If I want a Dan Rather news reader application that parses text and says it to me (and obviously, Dan Rather is okay with it), I see no issue with that. I don't want to be distracted by the artificial tone and attempting to parse it on my end.
So, on one hand, I see people hyping half-baked AI through the roof, cherry-picking good examples, refusing to study and discuss its limitations and even outright dismissing the idea that AI failures are, in fact, failures, rather than some kind of "different way of thinking".
On the other hand, I see the same crowd engaging in ridiculous alarmism that's not grounded in reality. They place technologies in far-fetched scenarios, completely ignoring that the same scenarios can already be enacted without AI. The usual conclusion is always that technologies needs to be kept out of the hands of the public.
Someone is drinking too much of their own Kool-Aid. But regardless of how much they believe in what they're posting, this behavior is disgusting and unethical.
---
>Here are some examples of what might happen if the technology got into the wrong hands
Since when do we start a discussion with the assumption that a piece of software will be restricted in distribution? Software tends to get in the hands of everyone who wants it.
>Spam callers impersonating your mother or spouse to obtain personal information
News flash: this is already happening without AI. All you need is a bad phone connection and someone who sounds vaguely like the person being impersonated.
Moreover, it's already trivial to change the pitch of your voice in real time. With some simple audio engineering, you can alter timbre as well (e.g. filtering, equalization). If that's such a big deal, why is no one using this already? It's way, way, way easier than collecting lots of voice samples and training a model.
>Impersonating someone for the purposes of bullying or harassment
Why would someone need to impersonate someone else for bullying or harassment? Bullying or harassment seems to work pretty well as is.
>Gaining entrance to high security clearance areas by impersonating a government official
If someone can get access to a place simply by using voice coming from computer speakers, it's clearly not a "high security clearance area".
>An ‘audio deepfake’ of a politician being used to manipulate election results or cause a social uprising
Media organizations already do this every day, in plain sight, via selective editing.
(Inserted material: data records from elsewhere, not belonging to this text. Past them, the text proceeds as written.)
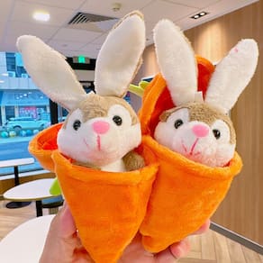 Material: pelúcia, tamanho da liga: 6,8* 17,5* 6 cm Peso: 45 g 🥕 Design transformador exclusivo — apresenta um coelhinho de pelúcia criativo escondido dentro de uma bolsa em forma de cenoura que pode ser aberta e fechada para uma divertida brincadeira interativa. Material macio e de alta qualidade — Feito de pelúcia e liga premium, proporcionando uma textura macia e suave com costura durável para uso duradouro. Acessório seguro de chaveiro — vem com um fecho e anel de metal resistentes, permitindo fácil fixação em chaves, bolsas, mochilas ou interiores de automóveis. Acessório versátil e adorável — perfeito como pendente de chaveiro, pingente de pelúcia ou acessório decorativo para mochilas escolares, bolsas ou itens de viagem. Compacto e leve — mede 6,8 × 17,5 × 6 cm e pesa apenas 45 g, fácil de transportar e adequado para adultos, adolescentes e crianças.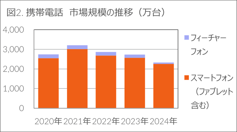 携帯電話は数量前年比15%減の2,330万台となった(図2)。そのうち9割強を占めるスマートフォン(ファブレット含む)が同12%減の2,250万台、フィーチャーフォンが同52%減の80万台となった。 23年12月に施行された法改正による値引き規制の影響や、その駆け込み需要の反動で、24年は年間を通して低調に推移した。携帯電話専門店の店舗数も23年に続き減少した。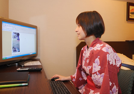 すっかり癒されて、お部屋に戻ります。お部屋にはPCがあって、これは便利!おやすみ前にウェブをチェック。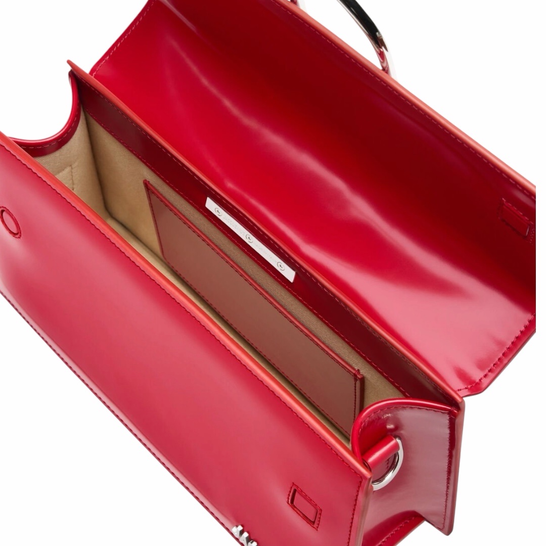 Design Esclusivo e Audace: La combinazione della pelle verniciata rossa con i dettagli argentati rende questo modello una vera rarità, perfetta per chi cerca un lusso distintivo e di tendenza. 🌟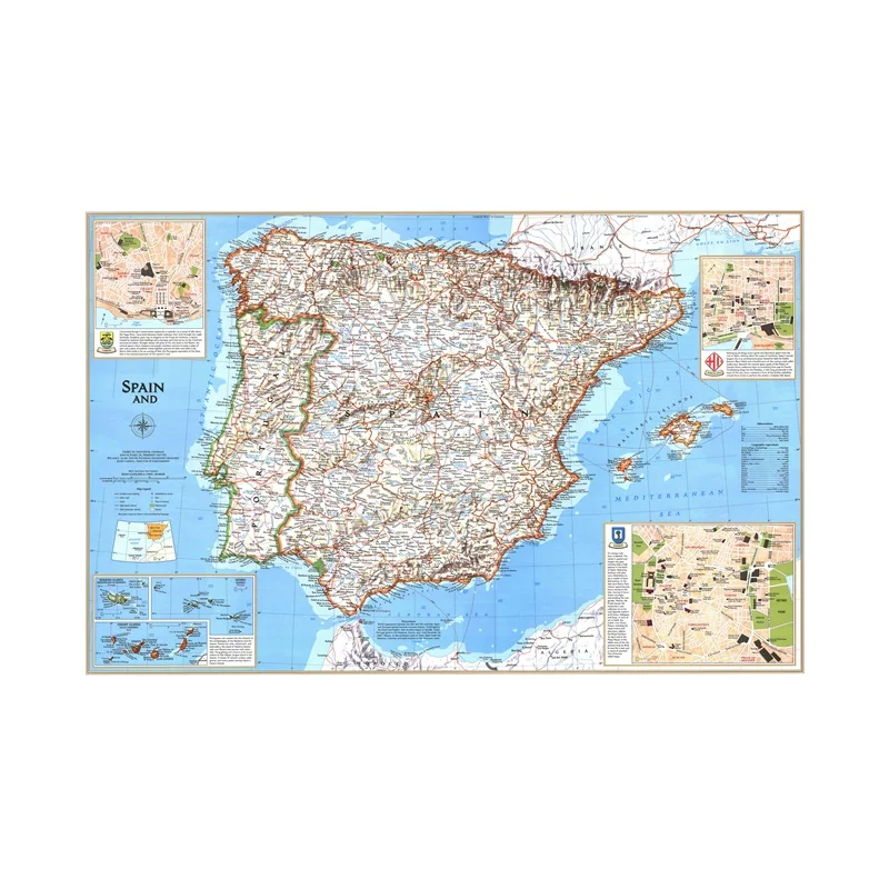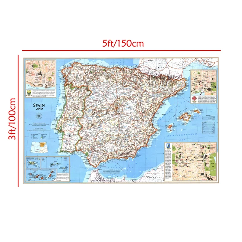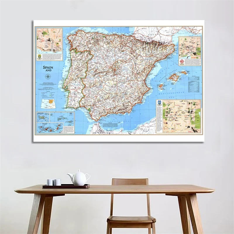 225*150 см 1984 Ретро Карта Испании и Португалии Нетканая Картина н...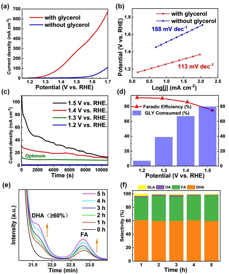 甘油是生物柴油制备的废弃物,利用甘油制备得到高价值的化学品备受关注。同时利用甘油电氧化(GOR)取代电解水中析氧反应提升电解效率是一项十分有效的节能途径。

i look forward to see this applied to audio books. this will bring their price down drastically. even to zero. i may just buy the text version, and have a program to generate voice as it reads the book.
there are tools that do that now, but i find that i can't listen to the current quality of computer generated voices for more than a few minutes.
with an almost human like voice i don't think i'll care if there is the occasional glitch that makes me realize that it is a generated voice as long as it sounds fine otherwise.
Sounds good in terms of lack of pauses between words and his general voice, but you can tell something is off due to the cadence and at times it seems like words trail off into breathlessness.
Hot damn, as someone who has listened to a few JRE episodes, it is... quite good. What really struck me was its ability to recreate words that were (I'm guessing) weren't said by him in the past. Impressive!
Seems like people are designing research for this conclusion, begging their own controversy. However, it rings hollow, especially presented thusly, on medium, with the first person plural voice of a corporation.
Ethical discussions in machine learning technology presentations are becoming trite and self-congratulatory ("we've made an AI so good it merits discussion of the ethical implications") especially when a discussion of actual applications is missing.